Task data
+ + + +
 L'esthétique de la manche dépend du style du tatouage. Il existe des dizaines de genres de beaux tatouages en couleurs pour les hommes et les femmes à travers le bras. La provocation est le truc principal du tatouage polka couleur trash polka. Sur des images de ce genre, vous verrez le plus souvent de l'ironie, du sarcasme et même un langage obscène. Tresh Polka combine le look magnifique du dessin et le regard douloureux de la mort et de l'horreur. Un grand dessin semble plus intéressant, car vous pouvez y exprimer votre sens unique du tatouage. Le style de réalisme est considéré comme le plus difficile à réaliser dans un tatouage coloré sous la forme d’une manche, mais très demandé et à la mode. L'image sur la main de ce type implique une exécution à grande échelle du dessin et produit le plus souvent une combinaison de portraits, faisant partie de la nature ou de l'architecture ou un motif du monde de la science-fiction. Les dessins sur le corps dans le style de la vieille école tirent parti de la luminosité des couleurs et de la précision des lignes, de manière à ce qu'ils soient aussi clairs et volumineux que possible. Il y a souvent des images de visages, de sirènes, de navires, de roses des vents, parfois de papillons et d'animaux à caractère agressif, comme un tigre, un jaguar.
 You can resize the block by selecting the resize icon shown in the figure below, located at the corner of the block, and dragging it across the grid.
+ + + +
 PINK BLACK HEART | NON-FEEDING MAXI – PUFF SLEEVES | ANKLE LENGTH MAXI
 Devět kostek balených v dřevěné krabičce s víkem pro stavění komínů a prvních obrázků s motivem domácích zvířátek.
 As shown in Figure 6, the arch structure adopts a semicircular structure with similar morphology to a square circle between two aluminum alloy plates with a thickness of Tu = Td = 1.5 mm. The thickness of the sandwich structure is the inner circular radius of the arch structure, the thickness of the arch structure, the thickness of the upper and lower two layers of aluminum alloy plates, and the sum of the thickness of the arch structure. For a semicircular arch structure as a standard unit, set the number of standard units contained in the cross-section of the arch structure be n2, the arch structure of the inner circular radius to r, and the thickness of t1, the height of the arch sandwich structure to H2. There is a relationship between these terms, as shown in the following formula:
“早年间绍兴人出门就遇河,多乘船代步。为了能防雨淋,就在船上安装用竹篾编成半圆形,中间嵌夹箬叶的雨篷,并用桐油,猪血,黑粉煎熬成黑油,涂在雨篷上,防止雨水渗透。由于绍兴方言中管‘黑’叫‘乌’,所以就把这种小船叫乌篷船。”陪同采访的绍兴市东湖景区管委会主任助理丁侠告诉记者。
+ + + +
Problem details
Find the lines above that contain "shown" and give their count, with nothing added.

Exercise answer
2